Studio album by Vince Gill
- Released: August 23, 2019
- Recorded: 2019
- Studio: Blackbird Studio and The House (Nashville, Tennessee); Hound's Ear Studio (Franklin, Tennessee);
- Genre: Country
- Length: 49:45
- Label: MCA Nashville
- Producer: Vince Gill; Justin Niebank;

Vince Gill chronology
| Down to My Last Bad Habit (2016) | Okie (2019) | Sweet Memories (2023) |

= Okie (Vince Gill album) =

Okie is the fifteenth studio album by American country music singer Vince Gill. The album was released on August 23, 2019, by MCA Nashville.

Professional ratings
Review scores
| Source | Rating |
| AllMusic | Star |
| American Songwriter | Star Half star |

==Background==
According to Gill, Merle Haggard advised him to "just tell the truth. That's the most important thing of all." A number of the songs in the album have personal elements. For example, in "Forever Changed," which talks about sexual abuse, Gill drew from the experience of running away from a gym teacher who had behaved inappropriately toward him, while "When My Amy Prays" is about his wife Amy Grant and religion. Other songs deal with issues such as teenage pregnancy ("What Choice Will You Make,") and racial equality.

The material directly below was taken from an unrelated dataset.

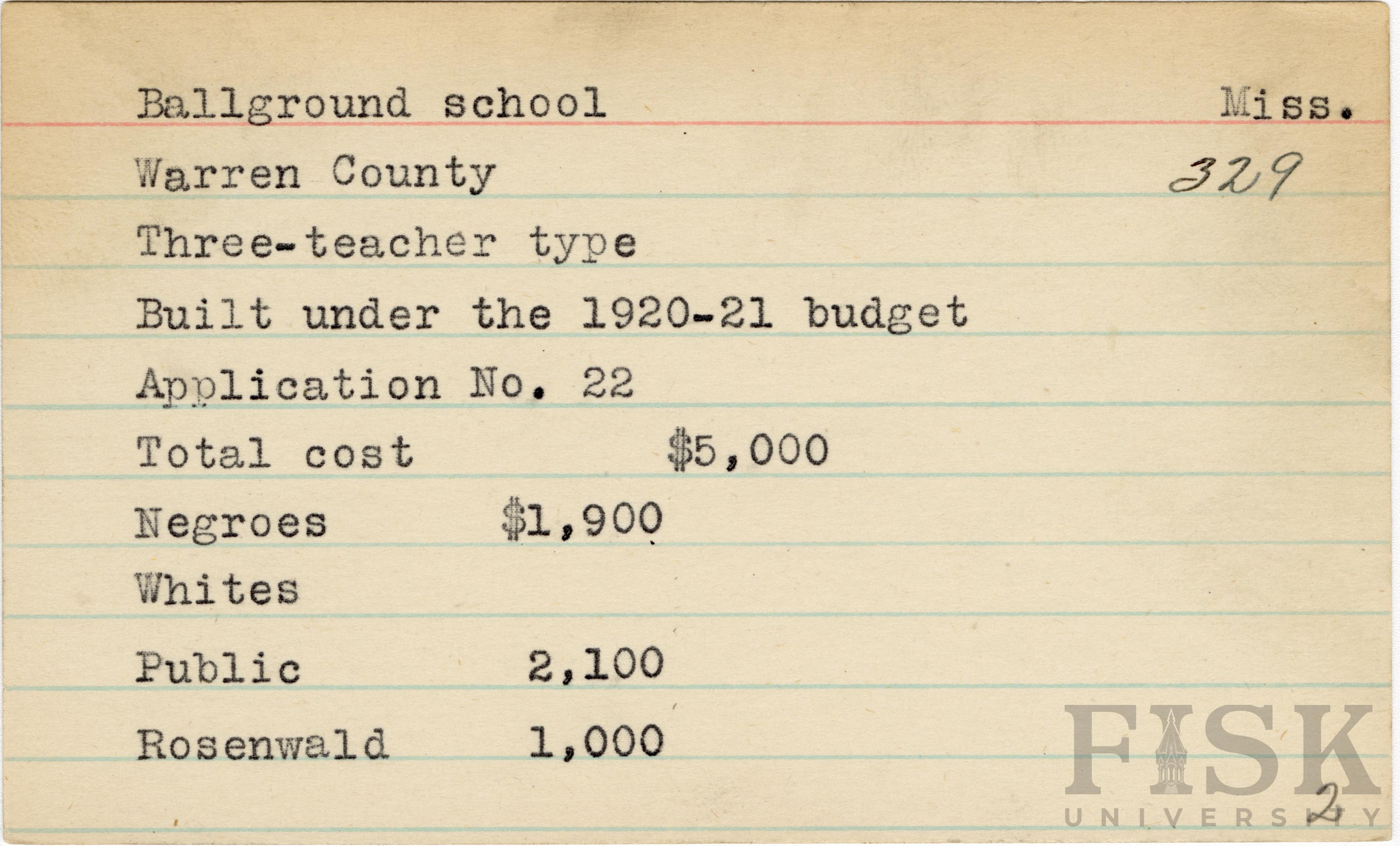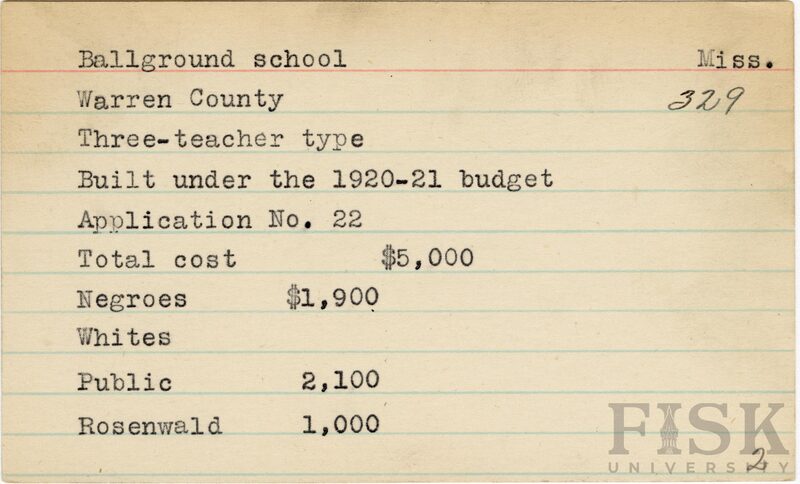 - School card from Rosenwald Fund for Ballground School in Warren County, Mississippi

Gill said: "My life has never been political, I've never been out there saying endorse this candidate, or that one. But I’m not afraid to have a decent conversation about some of this stuff. We could solve so many things by being fair-minded."

He also said: "All I tried to do was have these songs maybe be about subjects that were tough, but maybe tell these stories without judgment".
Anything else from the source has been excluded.